For practical purposes, real people use Microsoft Word.

> the Unicode coded character set plus the PUA permits representing all
> of them satisfactorily for a TTY, and that the additional burden of
> disambiguating them (eg, for font choice in a GUI) should be handled
> by markup (eg, the XML lang attribute in text/* representations, and
> text properties in Emacs).

Emacs has invested a lot of work and energy into getting encodings
right.  MULE was the principal reason for the last large migration of
Emacs users to XEmacs (around Emacs 20), and it was a significant reason
for a slow but steady migration trickle back when multinational
character sets became ubiquitous and the initial painful investment of
Emacs into them paid back in the form of a longer matured
implementation.  I remember XEmacs having an implementation of the
"works for real people for practical purposes" kind where the principal
maintainers do not appear to be fundamentally immersed in the problem
space.  Because those for which multinational character sets were an
essential feature went to work on and with Emacs instead.

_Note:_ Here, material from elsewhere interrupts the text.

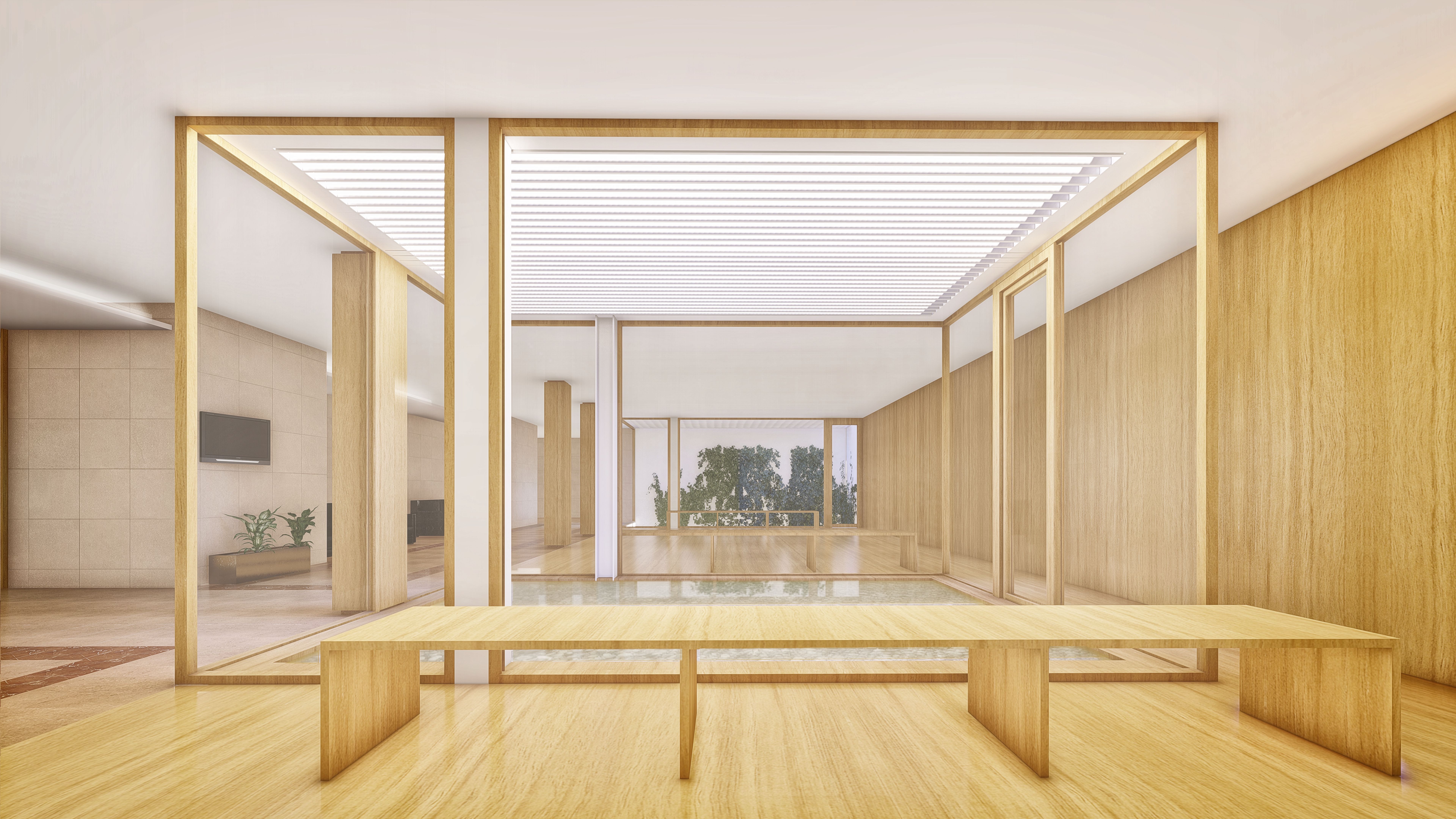 Així, el passadís d’accés a les sales de vetlla es recularà uns 4m de la façana, en una llargada de 27m. S’aconseguirà crear així un espai de recolliment amb l’obertura de dos patis ubicats als extrems de l’ampliació i un tercer pati al centre. Aquests patis, no tenen vistes a l’exterior, però facilitaran llum i ventilació.

Whether or not that's revisionism, I think that there is little doubt
that Emacs has a solid history of experience dealing with Far Eastern
character sets and texts.  The same cannot be said for R->L typesetting.
However, the problems specific to R->L typesetting are mostly not in the
character set and string handling area but rather concern the display
algorithms where we already found that supporting all the functionality
of Emacs is not well-supported by industry-standard solutions like
Pango.

In short, it is not likely we are talking about a no-brainer regarding
rebasing MULE on something else.  If we were, it would appear to me that
XEmacs would have had more to gain from such a step than Emacs, and
there is likely some reason that they chose not to do so.